■ **Material provided**
■ ■ ■ ■ ■ ■ ■
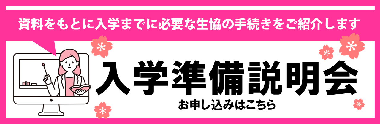 入学準備説明会の説明を聞いてから、生協加入・教材購入等のお手続きを進めてください。
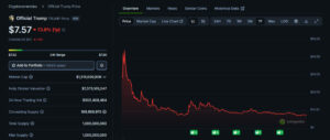 • The memecoin, launched prior to Trump’s second presidential term, peaked at $44 in January.
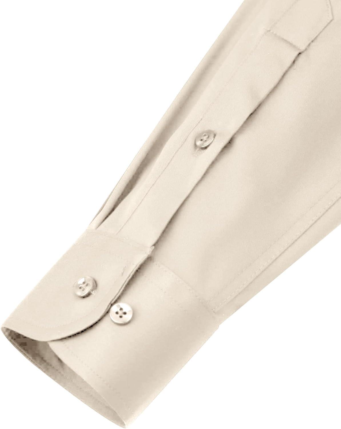 Alimens & Gentle Men’s Dress Shirts Long Sleeve Wrinkle-Free Stretch Shirts Solid Formal Button Down Shirt with Pocket(Beige)
■ ■ ■ ■ ■ ■ ■
■ **Task requirements**
Everything in the listing must be copied exactly except the pictures.

■ **Task result**
 入学準備説明会の説明を聞いてから、生協加入・教材購入等のお手続きを進めてください。
 • The memecoin, launched prior to Trump’s second presidential term, peaked at $44 in January.
 Alimens & Gentle Men’s Dress Shirts Long Sleeve Wrinkle-Free Stretch Shirts Solid Formal Button Down Shirt with Pocket(Beige)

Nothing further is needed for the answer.